**Your objective:** Every entry should come back exactly as written, minus the pictures.

[Dataset items]
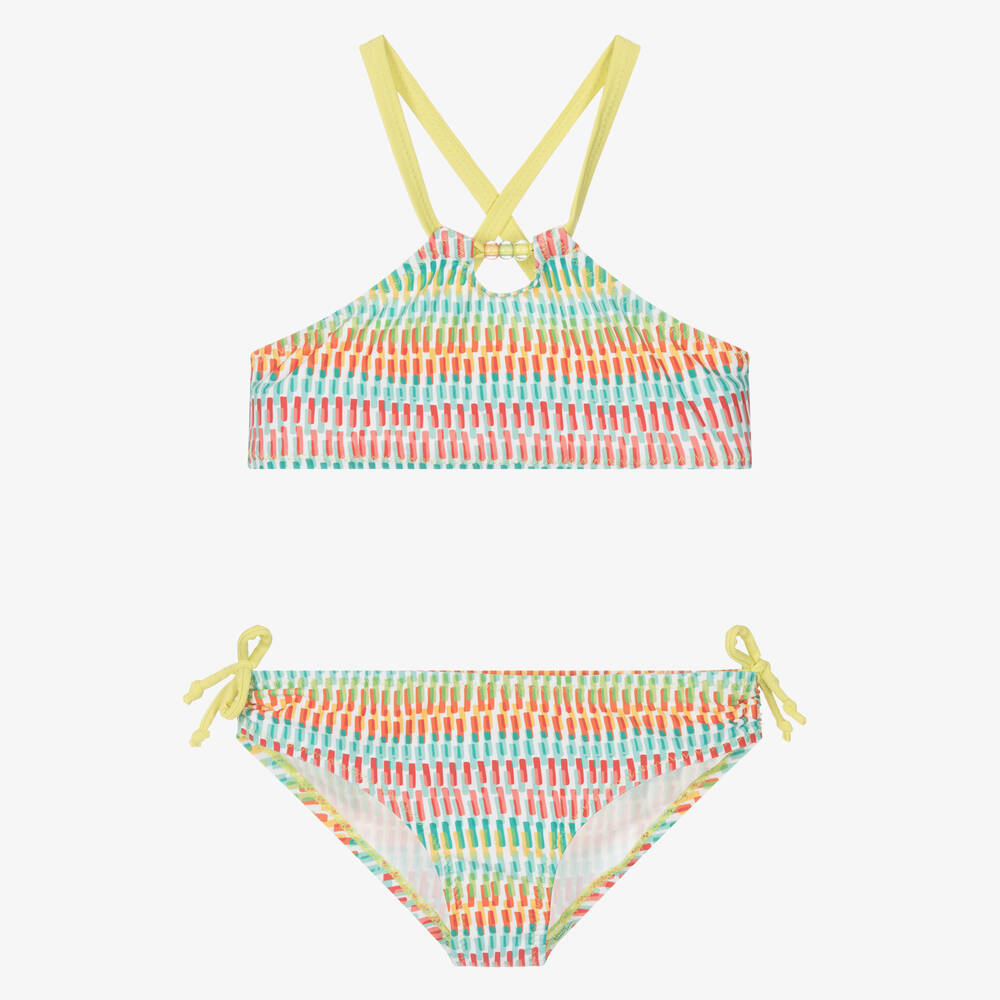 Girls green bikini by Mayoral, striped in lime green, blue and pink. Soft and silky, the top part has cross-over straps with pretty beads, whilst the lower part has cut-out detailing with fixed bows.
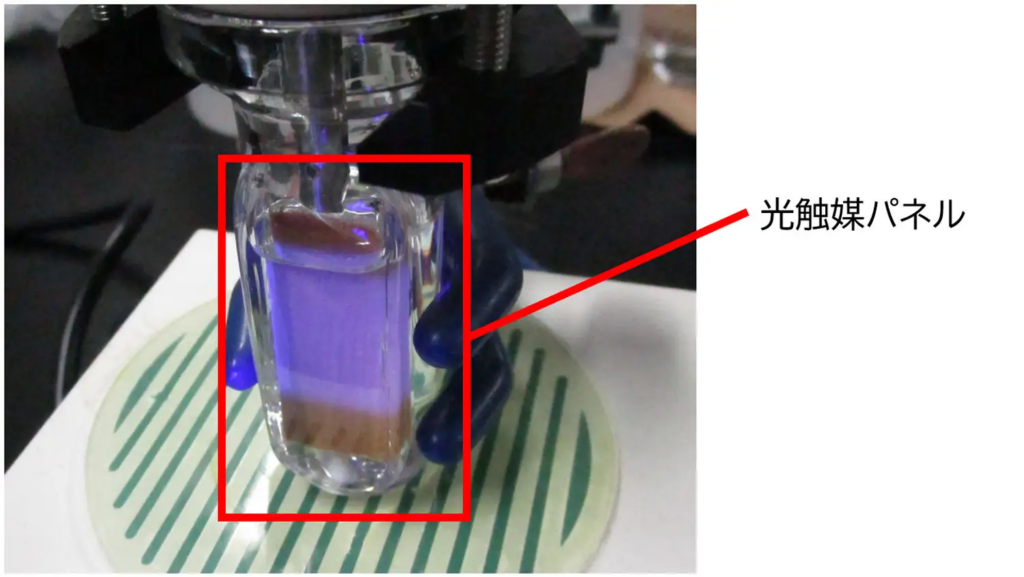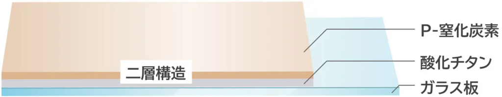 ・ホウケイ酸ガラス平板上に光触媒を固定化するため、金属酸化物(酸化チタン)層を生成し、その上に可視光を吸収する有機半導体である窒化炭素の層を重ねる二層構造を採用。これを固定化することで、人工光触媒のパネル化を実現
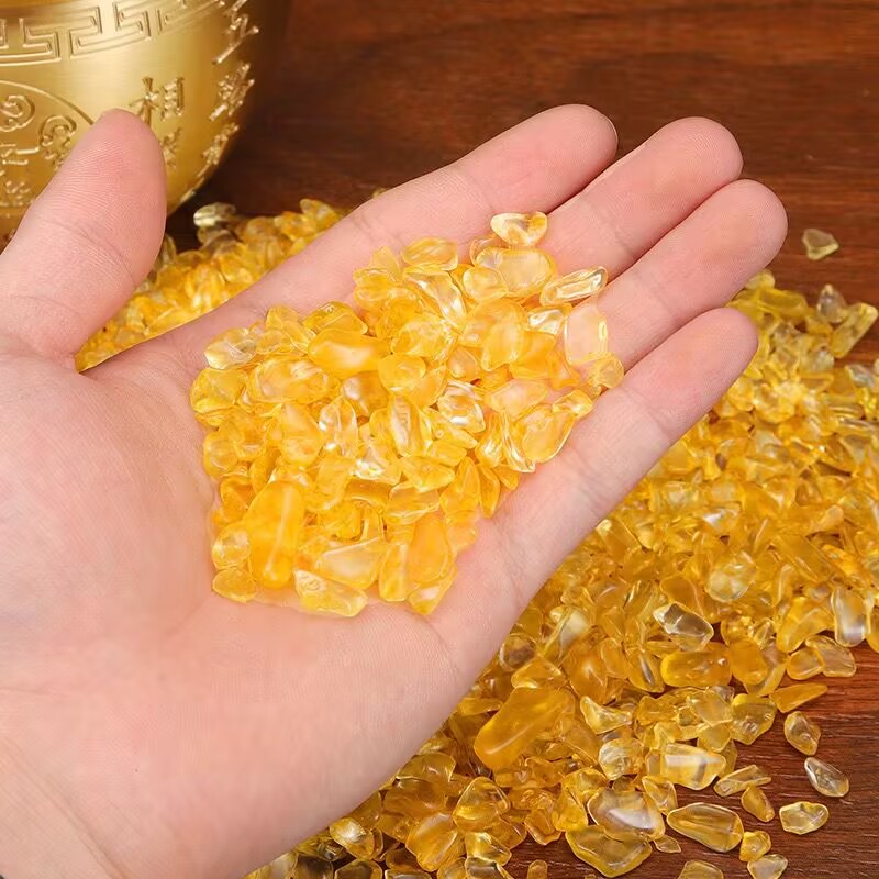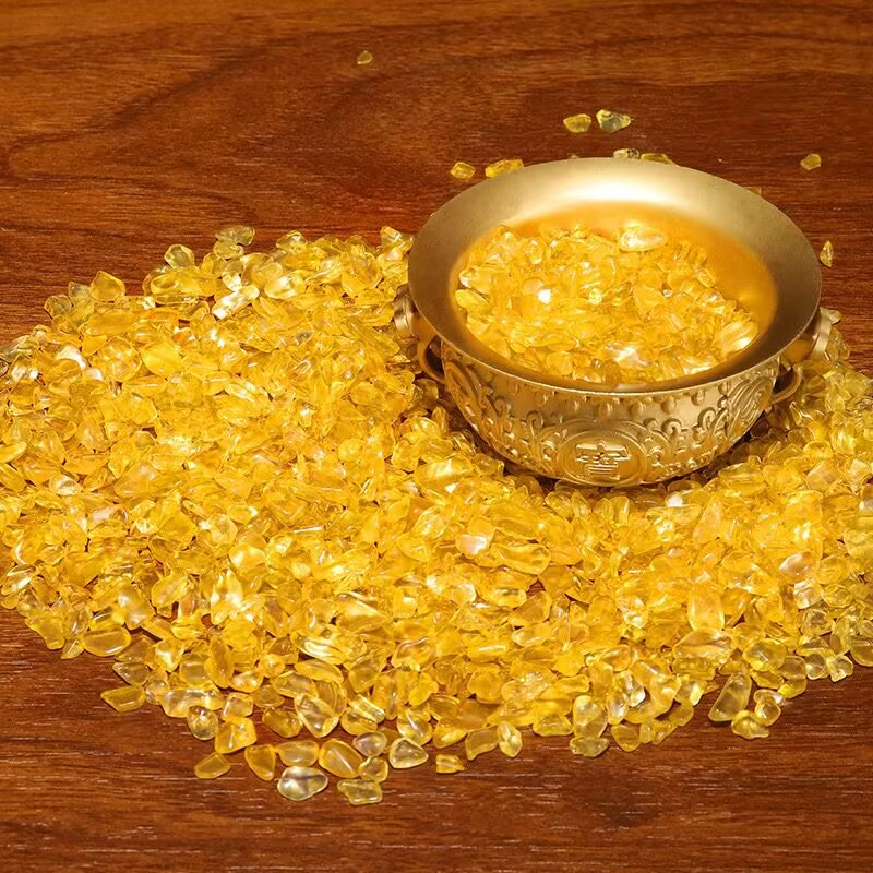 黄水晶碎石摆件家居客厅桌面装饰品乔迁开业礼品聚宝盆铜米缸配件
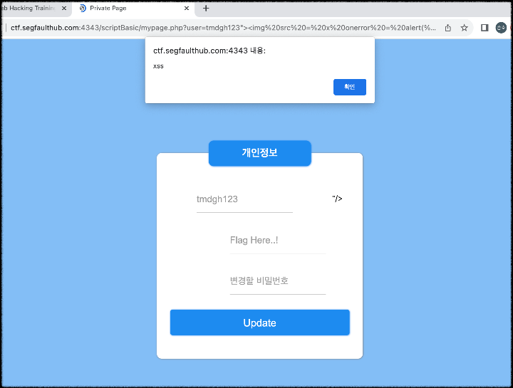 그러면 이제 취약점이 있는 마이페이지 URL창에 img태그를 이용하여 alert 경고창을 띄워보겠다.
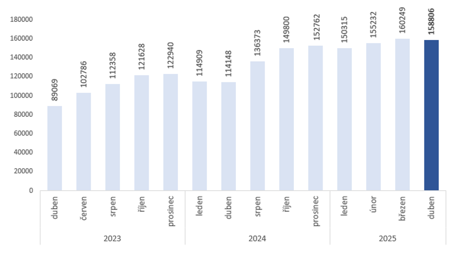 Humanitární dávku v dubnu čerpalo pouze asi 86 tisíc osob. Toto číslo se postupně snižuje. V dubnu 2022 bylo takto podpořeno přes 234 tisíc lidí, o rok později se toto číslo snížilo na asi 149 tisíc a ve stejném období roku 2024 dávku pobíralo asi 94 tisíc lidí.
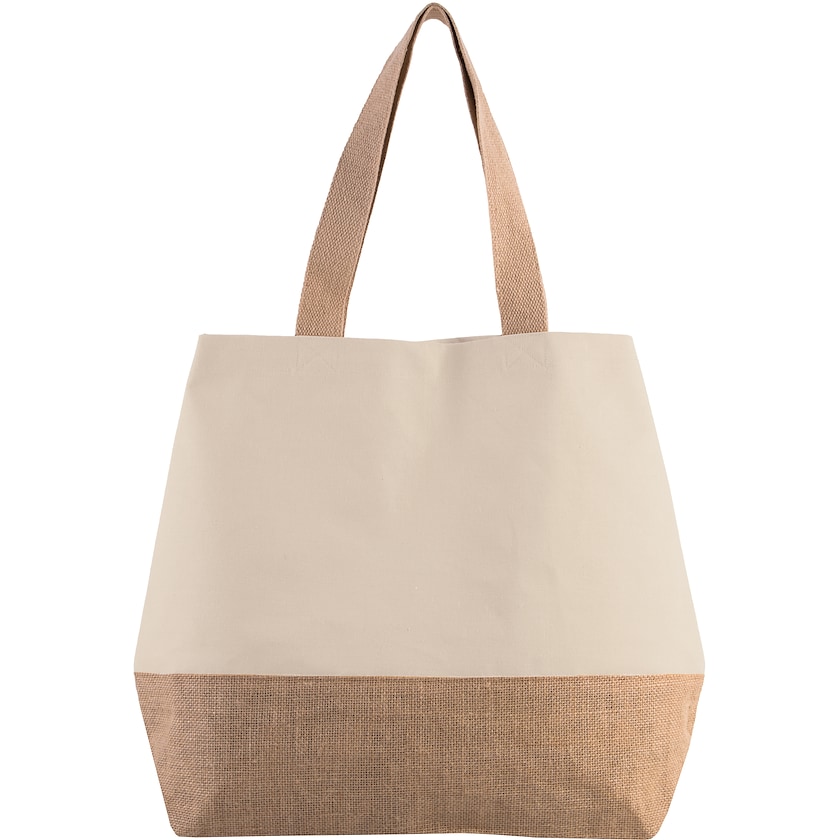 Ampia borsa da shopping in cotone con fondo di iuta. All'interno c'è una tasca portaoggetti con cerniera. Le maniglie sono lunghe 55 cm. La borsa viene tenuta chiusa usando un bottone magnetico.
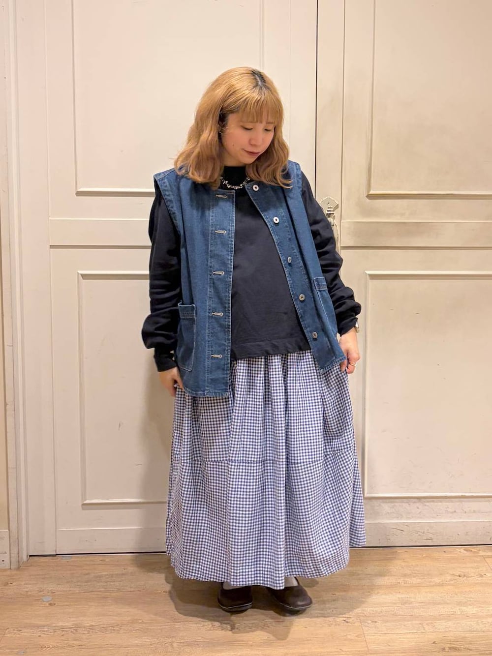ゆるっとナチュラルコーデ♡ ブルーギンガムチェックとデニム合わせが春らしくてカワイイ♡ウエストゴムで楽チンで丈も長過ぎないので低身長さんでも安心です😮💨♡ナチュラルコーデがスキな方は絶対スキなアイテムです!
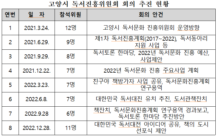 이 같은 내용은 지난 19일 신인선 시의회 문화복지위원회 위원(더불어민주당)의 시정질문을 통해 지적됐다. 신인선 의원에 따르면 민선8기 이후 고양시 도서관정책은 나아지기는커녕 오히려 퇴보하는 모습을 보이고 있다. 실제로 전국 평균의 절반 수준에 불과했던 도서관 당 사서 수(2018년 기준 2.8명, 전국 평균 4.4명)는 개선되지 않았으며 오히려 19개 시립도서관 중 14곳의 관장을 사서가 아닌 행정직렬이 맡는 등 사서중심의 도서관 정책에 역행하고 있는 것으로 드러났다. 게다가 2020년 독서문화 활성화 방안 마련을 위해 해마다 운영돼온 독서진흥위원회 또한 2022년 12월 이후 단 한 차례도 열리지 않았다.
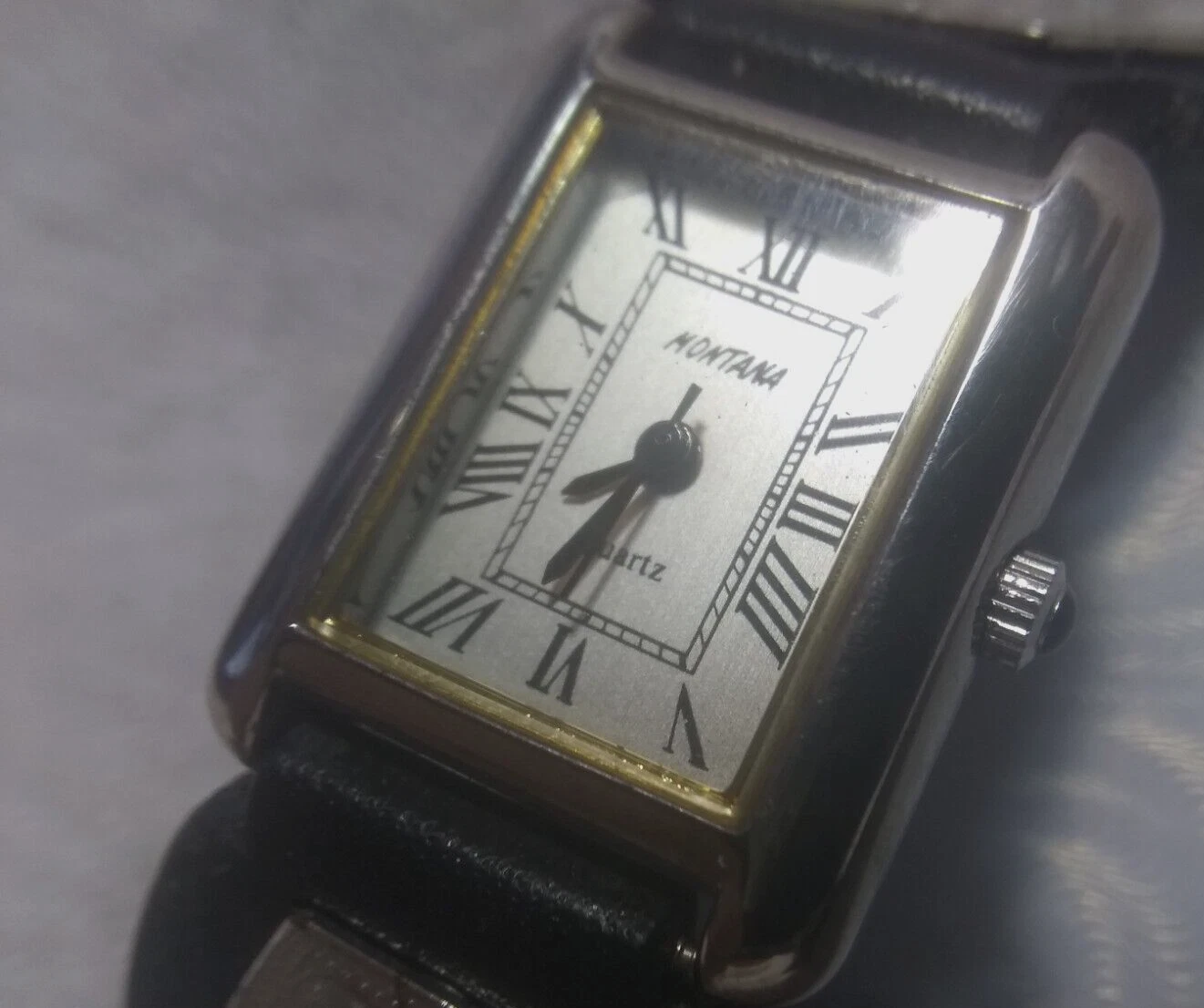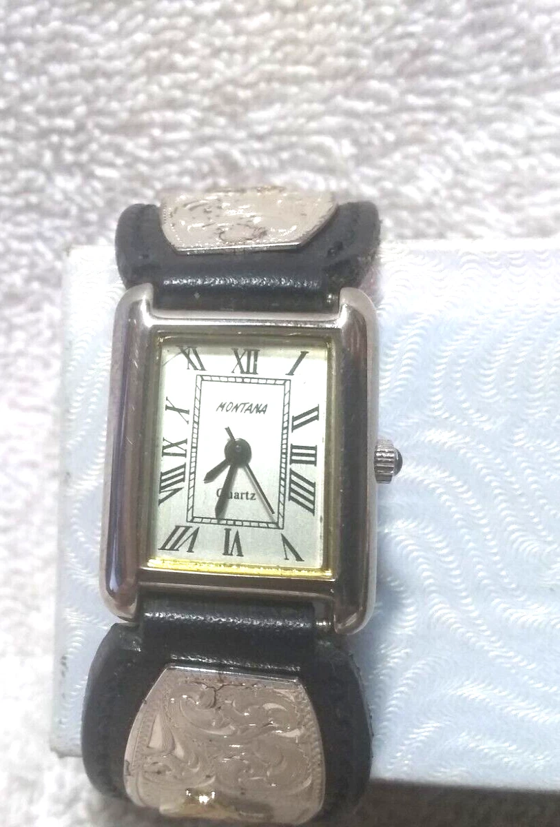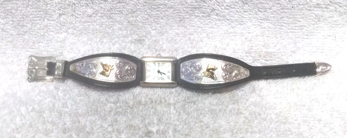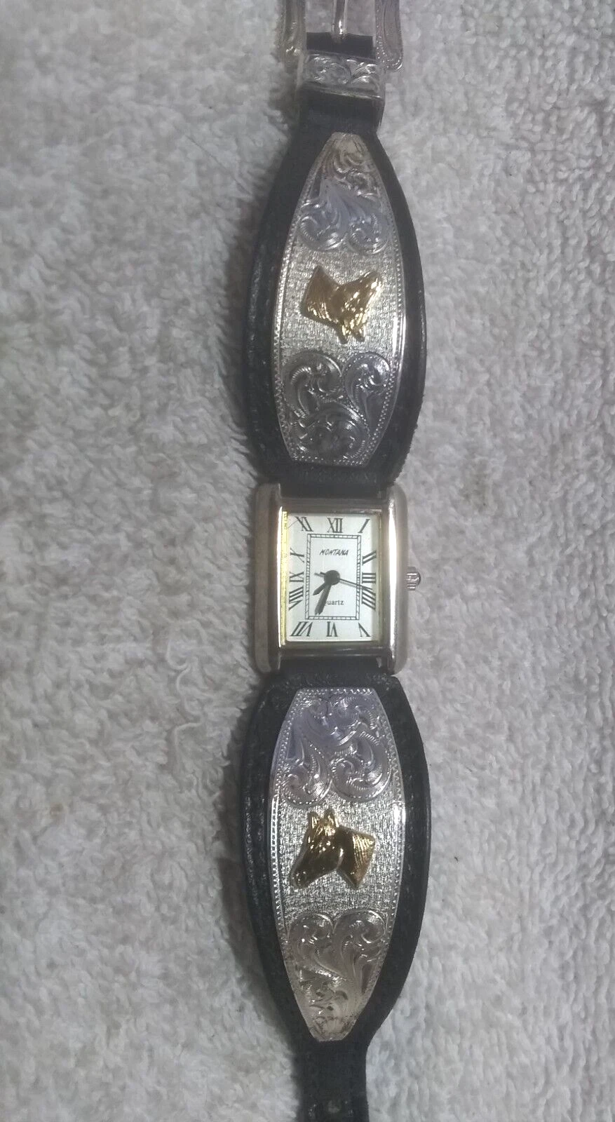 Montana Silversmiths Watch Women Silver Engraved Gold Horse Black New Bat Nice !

**Written response:**
 Girls green bikini by Mayoral, striped in lime green, blue and pink. Soft and silky, the top part has cross-over straps with pretty beads, whilst the lower part has cut-out detailing with fixed bows.
 ・ホウケイ酸ガラス平板上に光触媒を固定化するため、金属酸化物(酸化チタン)層を生成し、その上に可視光を吸収する有機半導体である窒化炭素の層を重ねる二層構造を採用。これを固定化することで、人工光触媒のパネル化を実現
 黄水晶碎石摆件家居客厅桌面装饰品乔迁开业礼品聚宝盆铜米缸配件
 그러면 이제 취약점이 있는 마이페이지 URL창에 img태그를 이용하여 alert 경고창을 띄워보겠다.
 Humanitární dávku v dubnu čerpalo pouze asi 86 tisíc osob. Toto číslo se postupně snižuje. V dubnu 2022 bylo takto podpořeno přes 234 tisíc lidí, o rok později se toto číslo snížilo na asi 149 tisíc a ve stejném období roku 2024 dávku pobíralo asi 94 tisíc lidí.
 Ampia borsa da shopping in cotone con fondo di iuta. All'interno c'è una tasca portaoggetti con cerniera. Le maniglie sono lunghe 55 cm. La borsa viene tenuta chiusa usando un bottone magnetico.
ゆるっとナチュラルコーデ♡ ブルーギンガムチェックとデニム合わせが春らしくてカワイイ♡ウエストゴムで楽チンで丈も長過ぎないので低身長さんでも安心です😮💨♡ナチュラルコーデがスキな方は絶対スキなアイテムです!
 이 같은 내용은 지난 19일 신인선 시의회 문화복지위원회 위원(더불어민주당)의 시정질문을 통해 지적됐다. 신인선 의원에 따르면 민선8기 이후 고양시 도서관정책은 나아지기는커녕 오히려 퇴보하는 모습을 보이고 있다. 실제로 전국 평균의 절반 수준에 불과했던 도서관 당 사서 수(2018년 기준 2.8명, 전국 평균 4.4명)는 개선되지 않았으며 오히려 19개 시립도서관 중 14곳의 관장을 사서가 아닌 행정직렬이 맡는 등 사서중심의 도서관 정책에 역행하고 있는 것으로 드러났다. 게다가 2020년 독서문화 활성화 방안 마련을 위해 해마다 운영돼온 독서진흥위원회 또한 2022년 12월 이후 단 한 차례도 열리지 않았다.
 Montana Silversmiths Watch Women Silver Engraved Gold Horse Black New Bat Nice !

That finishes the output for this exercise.